Up to and including the line with "Magnet de frigider, imprimat", restate every line of the records below word for word, from the first line on, leaving out the pictures.

Start of INFORMATION PROVIDED

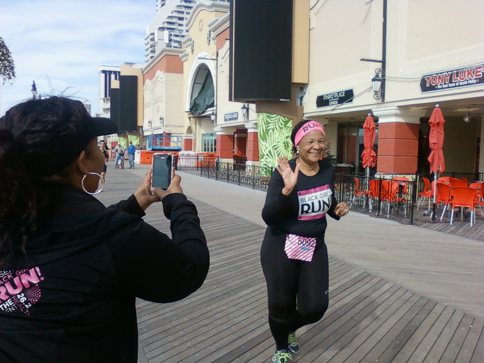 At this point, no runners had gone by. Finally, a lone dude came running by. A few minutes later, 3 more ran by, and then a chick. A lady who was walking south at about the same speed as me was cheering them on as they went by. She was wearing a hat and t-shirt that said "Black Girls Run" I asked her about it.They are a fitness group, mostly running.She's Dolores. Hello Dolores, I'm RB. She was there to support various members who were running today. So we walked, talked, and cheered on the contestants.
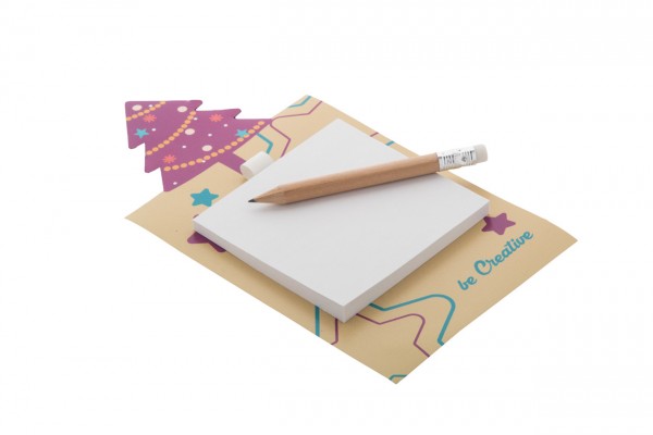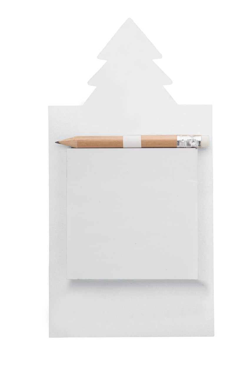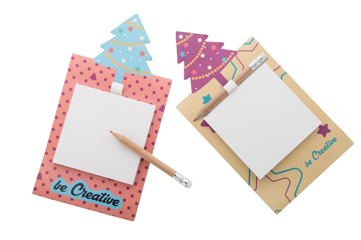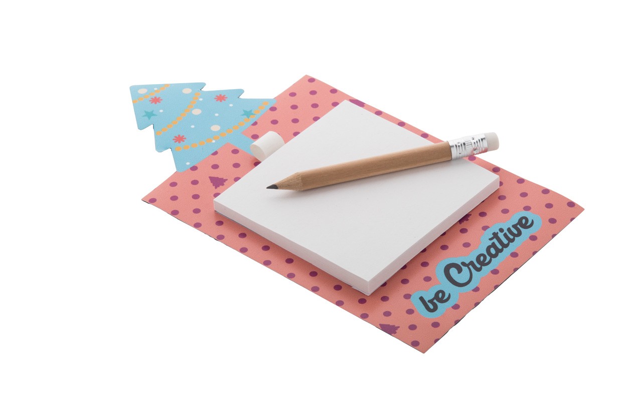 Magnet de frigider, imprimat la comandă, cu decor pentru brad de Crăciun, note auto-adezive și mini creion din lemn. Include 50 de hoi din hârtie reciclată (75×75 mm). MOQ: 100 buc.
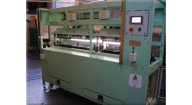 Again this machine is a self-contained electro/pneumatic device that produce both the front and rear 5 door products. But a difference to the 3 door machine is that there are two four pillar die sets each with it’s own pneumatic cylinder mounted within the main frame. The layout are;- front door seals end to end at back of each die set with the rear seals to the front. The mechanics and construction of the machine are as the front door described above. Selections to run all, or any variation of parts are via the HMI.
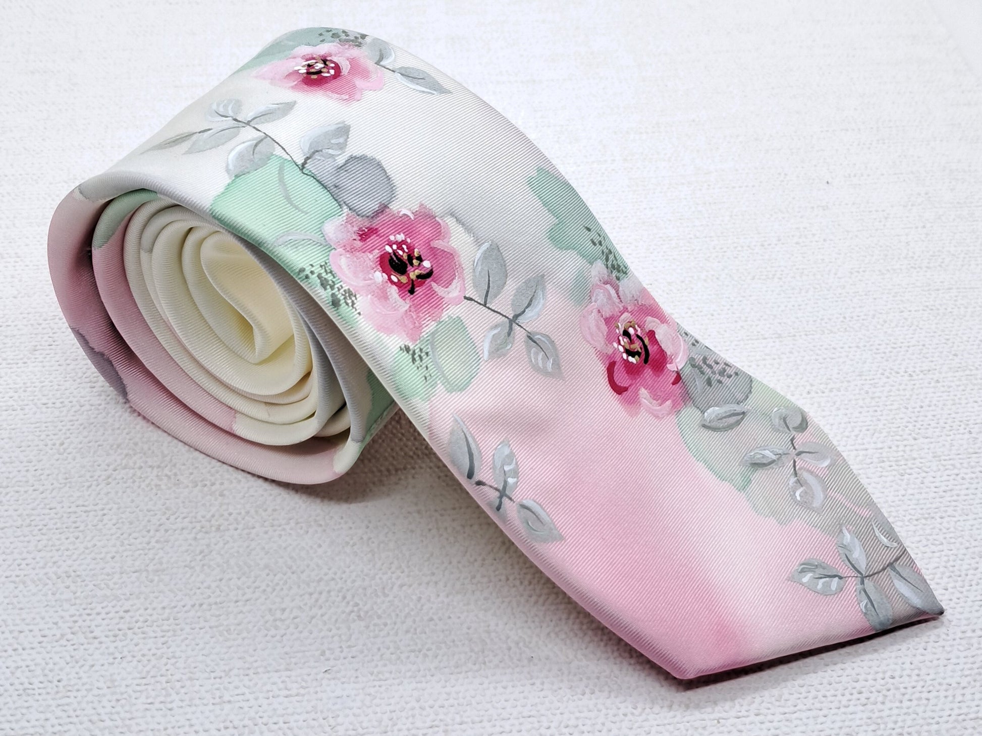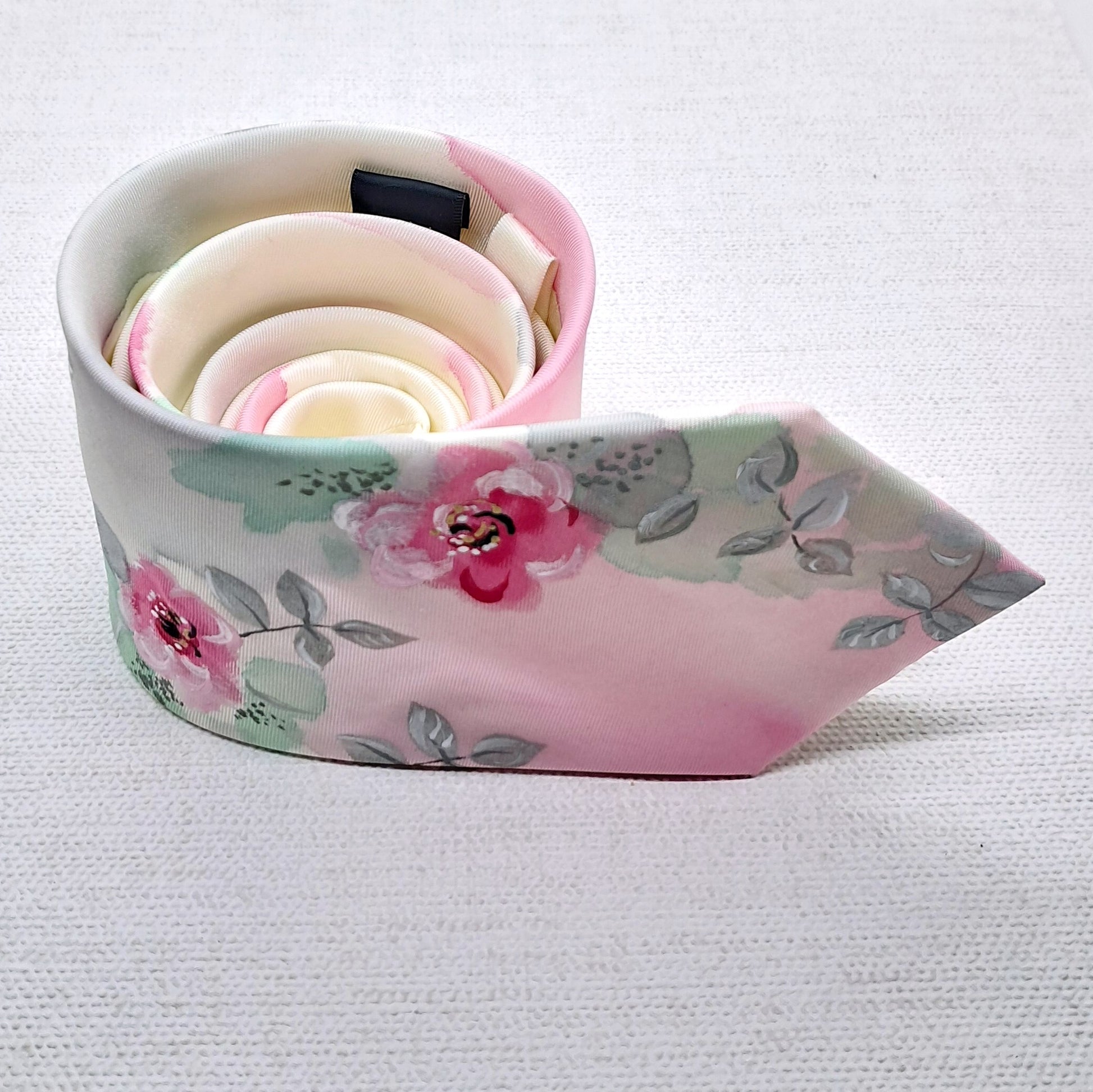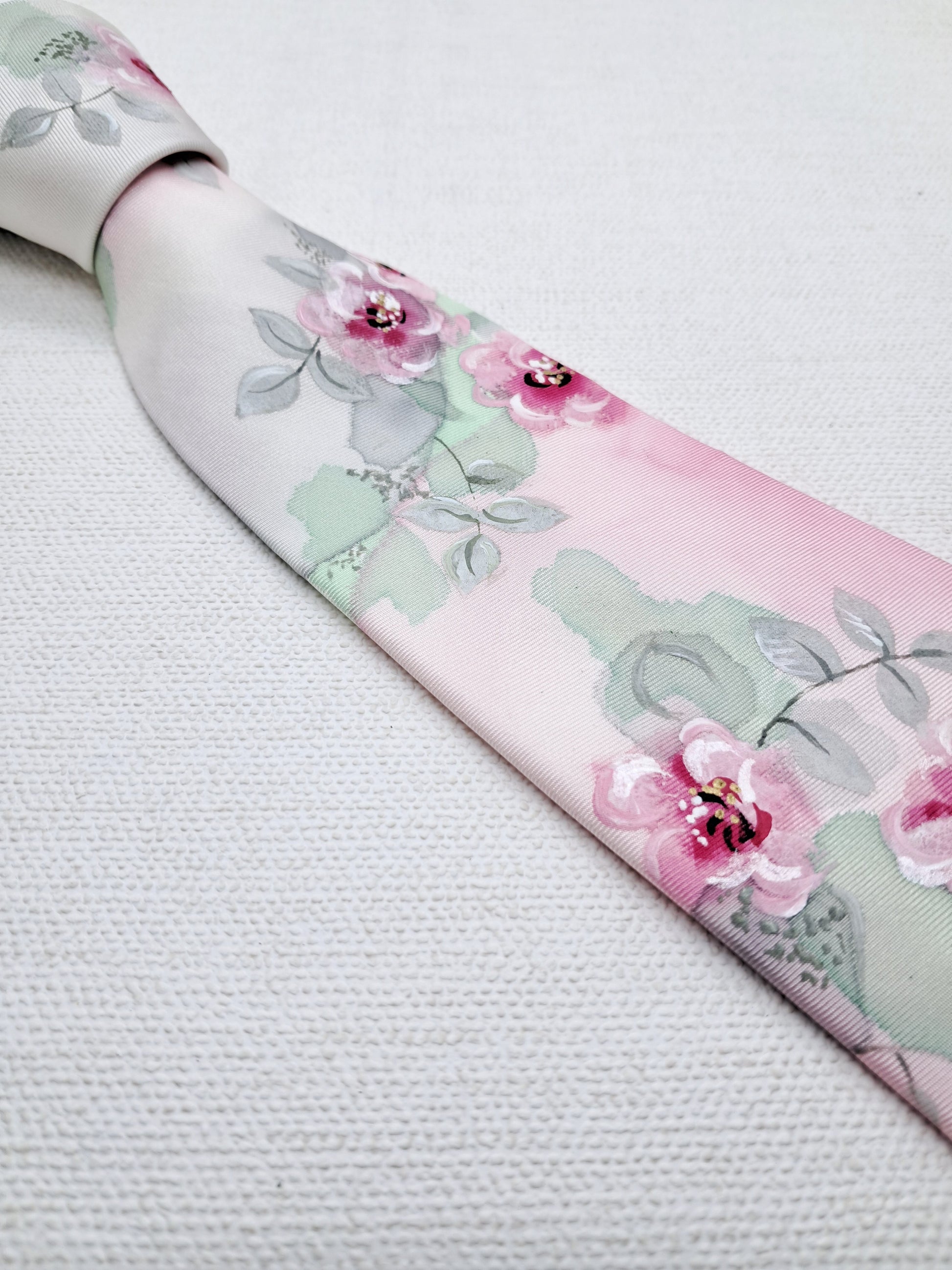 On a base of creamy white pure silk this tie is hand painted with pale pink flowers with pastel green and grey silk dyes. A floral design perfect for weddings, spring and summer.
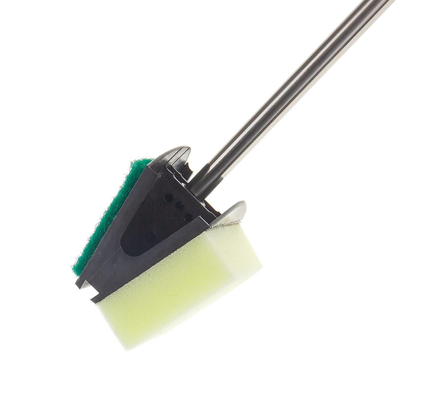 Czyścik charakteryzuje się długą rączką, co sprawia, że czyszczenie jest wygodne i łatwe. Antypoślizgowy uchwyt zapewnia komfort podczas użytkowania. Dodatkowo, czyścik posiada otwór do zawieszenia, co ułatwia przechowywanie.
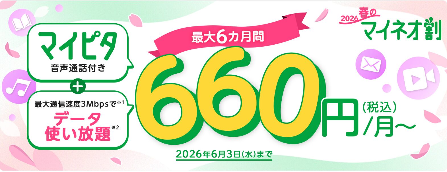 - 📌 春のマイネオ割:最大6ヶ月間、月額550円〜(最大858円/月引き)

End of INFORMATION PROVIDED

### ANSWER TO THIS EXERCISE
 At this point, no runners had gone by. Finally, a lone dude came running by. A few minutes later, 3 more ran by, and then a chick. A lady who was walking south at about the same speed as me was cheering them on as they went by. She was wearing a hat and t-shirt that said "Black Girls Run" I asked her about it.They are a fitness group, mostly running.She's Dolores. Hello Dolores, I'm RB. She was there to support various members who were running today. So we walked, talked, and cheered on the contestants.
 Magnet de frigider, imprimat la comandă, cu decor pentru brad de Crăciun, note auto-adezive și mini creion din lemn. Include 50 de hoi din hârtie reciclată (75×75 mm). MOQ: 100 buc.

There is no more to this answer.